However, it is significant overkill :slight_smile: unless you are planning world domination and expecting global powers to try to hack your connection.

As others may testify, I am pretty paranoid when it comes to security (part of my job) but even I recognise that 1024bit will be fine for a few years yet unless there is a big step change in technology.


#11

Excuse my ignorance here but can you explain the topography here? Does the VPN sit on the same RPI as node red or a separate RPI? If it's on the same am I correct in understanding that as long as you're connected via Open VPN to that VPN server it is encrypted from your PC or Phone to the VPN server and then the UI is served up to this VPN?


#12

As long as you are connected you will have an encrypted tunnel into your entire "home" network as if you are connected locally - so you could typically see everything on your network, depending on your common access rights on other devices/computers on your network.

If a single RPi is enough or not depends on

  • others tasks devoted to that RPi
  • performance requirements you might have for various needs
  • need to support multiple users connected simultaneously

If the RPi just runs NR with a "normal" flow with low cpu load and you just want access to the Dashboard for gui reasons, I think a single RPi will be able to handle that fine

Myself, I decided to install the VPN server on a separate RPi3. Reasons for this are that I wanted to have the possibility to override regional restrictions while streaming live TV channels from abroad. The streaming works very well when a hotel provides a good network connection. But for normal Dashboard operation, I think a RPi3 dedicated for the VPN server is a bit overkill


#13

Thanks for that.

So before you access your NR Dashboard you just have to ensure that you connect to the OpenVPN app on your phone?


#14

Yes, exactly. In my IPhone I have installed the OpenVPN app first. Then I mailed myself the generated certificate file and opened it with the app. That's it


#15

Sorry, one last question (I think). Does that mean that if you accidentally left it on and accessed other things on your phone, your home data usage would go through the roof...............but be secure?


#16

Yes, as long as you are connected via the tunnel and reading data from any resource on your network or internet, that data will be passed on to your remotely connected device (phone, mac book whatever..) via your home network. The same if you would write/send data from your phone to your network. The data in the tunnel will be secured with the level of encryption decided when you configured the vpn server (we discussed 1024-bits versus 2048 briefly earlier). So you can think of the tunnel as an extension of the network that is "behind" the VPN server


#17

If you use an iOS device (iPhone, iPad), there is a quite simple solution:

homebridge plus homebridge-mqtt

No need to deal with the "ui-coding", just use the Home or EVE app.


#18

Well, I guess there are tons of various solutions for a gui but it was specifically asked how to access the NR Dashboard in a secure way from internet.
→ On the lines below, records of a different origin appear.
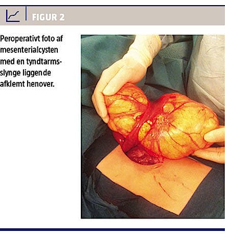 Fraset ovariecyster er intraabdominale cyster sjældent forekommende og kun sparsomt omtalt i litteraturen, ofte i kasuistisk form. Cysterne ses hos patienter i alle aldre, men hyppigst hos børn [1], og angives at være årsagen til indlæggelse hos et ud af 20.000-30.000 børn, der bliver indlagt på hospital [1]. Cysterne kan være lokaliseret i mesenteriet, omentet eller retroperitonealt; alle disse strukturer har samme embryologiske oprindelse. Hos børn ses mesenterialcyster langt hyppigst i tyndtarmsmesenteriet [1-4]. Symptomerne er ukarakteristiske mavesmerter (hos 60-90% [1, 3, 4]) eller abdominaldistention (hos ca. 50% [1, 3]), men tilstanden kan også ses som akut abdomen pga. cysteruptur, blødning, volvolus eller kompression af cystenære organer [3]. Fordi tilstanden er sjælden, og symptomerne er ukarakteristiske, blev diagnosen tidligere hyppigst stillet ved operation (> 60% [1, 4]), men i dag kan diagnosen med stor sikkerhed stilles ved UL-skanning eller CT, [5] og i et stigende antal tilfælde er diagnosen fastlagt præoperativt.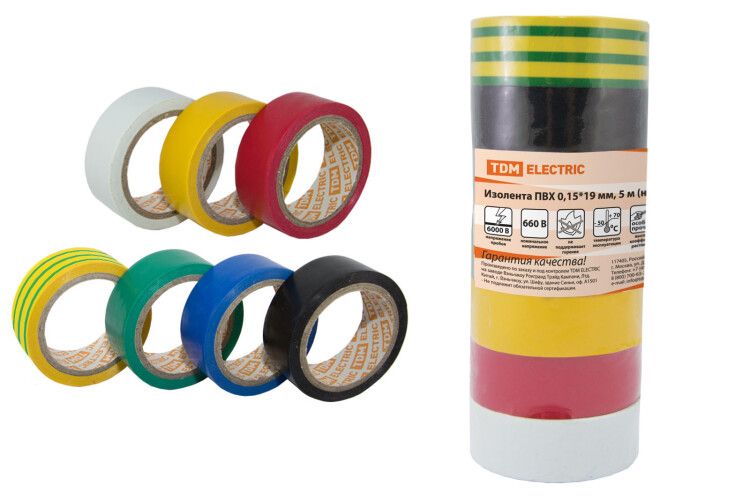 Изолента ПВХ 0,15*19 мм 5 м (набор 7 цветов) от TDM ELECTRIC - самоклеящаяся изоляция из поливинилхлорида для надёжной защиты и маркировки электропроводов в бытовых, промышленных и строительных условиях.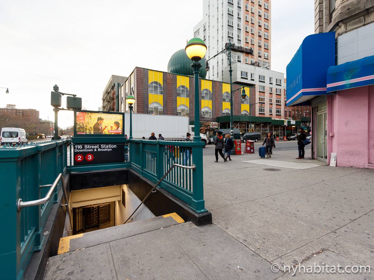 The rest of New York City is just a quick trip away thanks to the 2 and 3 trains at 116 Street / Lenox Avenue (.1mi/210m) and the B and C trains at 116 Street / 8 Avenue (.4mi/650m).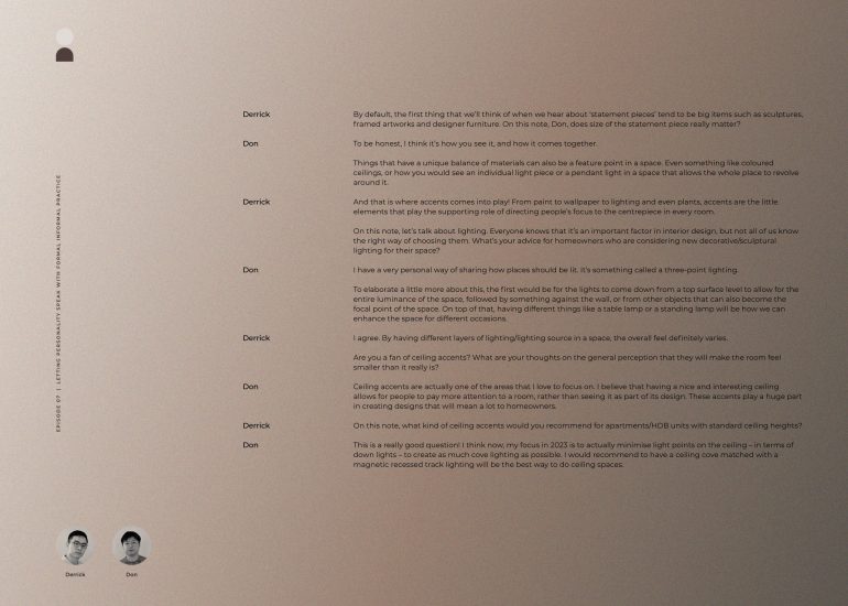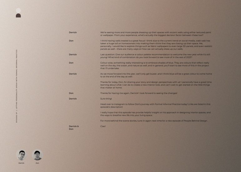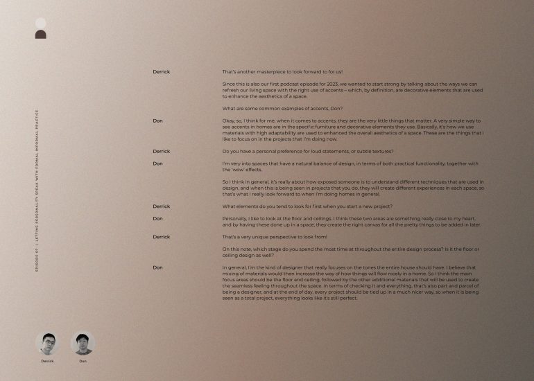 Making the most of the first podcast episode of 2023, we’ve invited Don from Formal Informal Practice to share valuable tips on ways to make your space stand out with accents while getting to know his journey as an interior designer who has come a long way from working with luxury and brands to designing beautiful homes that are brimming with personality.

As far as I understood


#19

I mean using homebridge you can access your devices over the internet :wink:


#20

If I remember correctly I found it noticeably quicker on udp. However I did find that I had to set the router up to forward both udp and tcp. Perhaps that was the problem you encountered, I can't think of any other reason that changing a router should make any difference. I think the openvpn recommendation is generally to use udp unless you find this causes problems as it is generally faster. There should be no need to use tcp as the communications that are being tunnelled using udp are generally themselves tcp so the error correction features of tcp are handled end to end and are therefore not necessary for the actual tunnel itself, if that makes sense. I am no expert on this though, so I may be talking through my hat.